Monday, Feb. 28, 1927
Chaos
Major themes in the Chinese symphony of anarchy and chaos throughout the week:
P: The Nationalist (Cantonese) advance upon Shanghai (TIME, Jan. 24 et seq.) brought them a great victory early in the week when they captured and looted Hangchow, 113 miles from Shanghai, and put to flight the troops of War Lord Sun Chuan-fang, defender of Shanghai.
P: A previously extraneous force entering the Chinese Civil War, last week was the advance southwestward from Shensi Province into Honan of the "Christian" War Lord Feng Yu-hsiang with an army which has long skulked in Mongolia (TIME, June 14 et seq.).
P:In Honan province the local "Scholar" War Lord Wu Pei-fu was holding back troops of the Peking War Lord Chang Tso-lin which had been despatched to defend Shanghai from the Nationalists by the Peking-Manchuria faction.
P: Two battalions of Punjabi troops arrived at Shanghai from Calcutta, bringing the British infantry forces there up to 6,000, with 2,000 U. S. troops, and 21 foreign battleships also concentrated at Shanghai.
P: Dr. Chu Chao-tsin, Chinese representative to the League of Nations, deposited with the League last week a copy of a note despatched to British Foreign Secretary Sir Austen Chamberlain, stating that Great Britain has violated Article X of the League Covenant, and the Washington treaties by sending troops to China.
P: British Colonial Secretary L. C. M. S. Amery, called, "the most influential member of the British Cabinet," said last week:
"Massacre and plundering oh a large scale in Shanghai would be the natural consequence of the rout of Sun's armies, except for the prompt action of the British Government in sending troops just in time.
"Because of this, the British community at Shanghai will sleep securely in their beds tonight."
P: The three principal Chinese factions, respectively of Canton,, Peking and Shanghai, all explicitly rejected through their leaders last week the recent proposal of U. S. Secretary of State Frank B. Kellogg that Shanghai be declared a neutral zone.
P: The Canadian Pacific S. S. Empress of Scotland landed 500 world- circling tourists at Shanghai while the Nationalist armies were only 60 miles away. Soon the tourists scuttled back on board, steamed away.
P: Sixty-five thousand Chinese workers at Shanghai began a general strike to celebrate the fall of Hangchow (see above). Strike leaders nailed up placards: "The Nationalist force has been victorious. The power of Marshal Sun Chuan-fang has ended. The time is opportune for the people to assist the movement against the War Lords.
"The foreigners are finished. Foreigners are no good."
P: Dr. V. K. Ting, Mayor of Shanghai, took ship for Japan "to seek medical treatment."

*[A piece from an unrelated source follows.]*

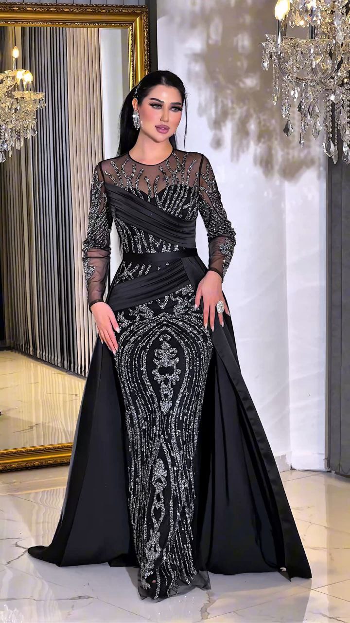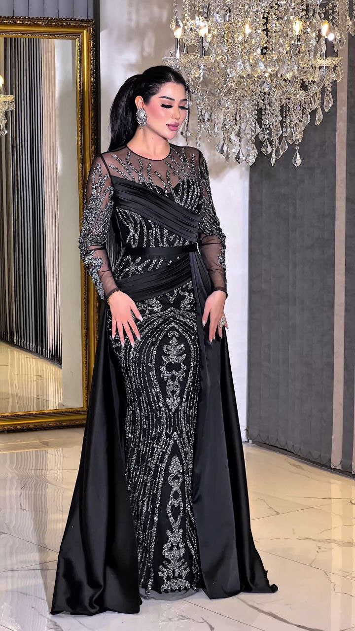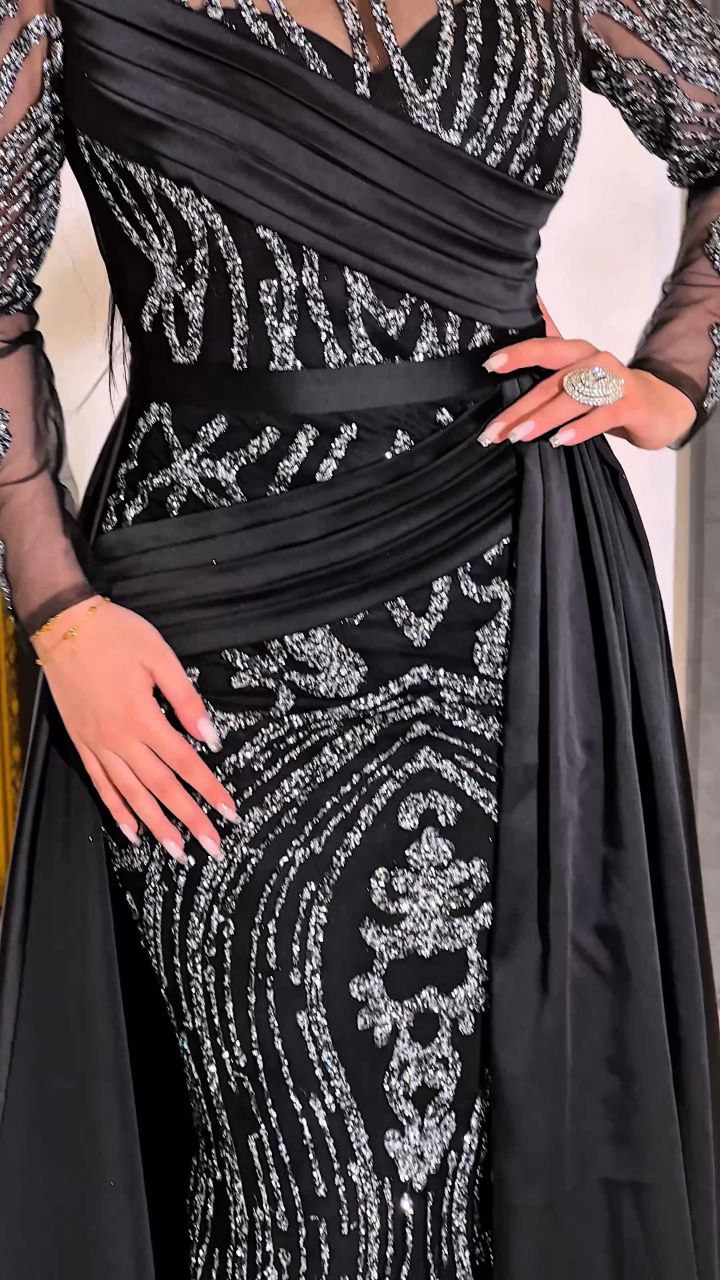 Zena Fashion Göğüs Detaylı Kuşaklı Özel Tasarım Kuyruklu Abiye Siyah

P: To check the general strike at Shanghai, troops loyal to Sun Chuan-fang began to seize and behead strikers picketing in the streets. Excited correspondents variously set the number of strikers decapitated last week at between "46" and "1,113." The effect was to quiet the 50,000 workers, who remained on strike, skulked in their homes.
P: At Hankow, recently evacuated by the British, who abandoned to the Nationalists a $60,000,000 capital investment (TIME, Jan. 17) negotiations continued all week between British representative Owen O'Malley, and the Nationalist Foreign Minister Eugene Chen. An agreement was finally signed between them relating to the British holdings abandoned at Hankow, but the text of this agreement was kept secret.
P: The Chinese Minister at Washington, D. C., Dr. Alfred Sze, declared last week: "Our people will never rest from now on until they have won complete independence of the foreigner."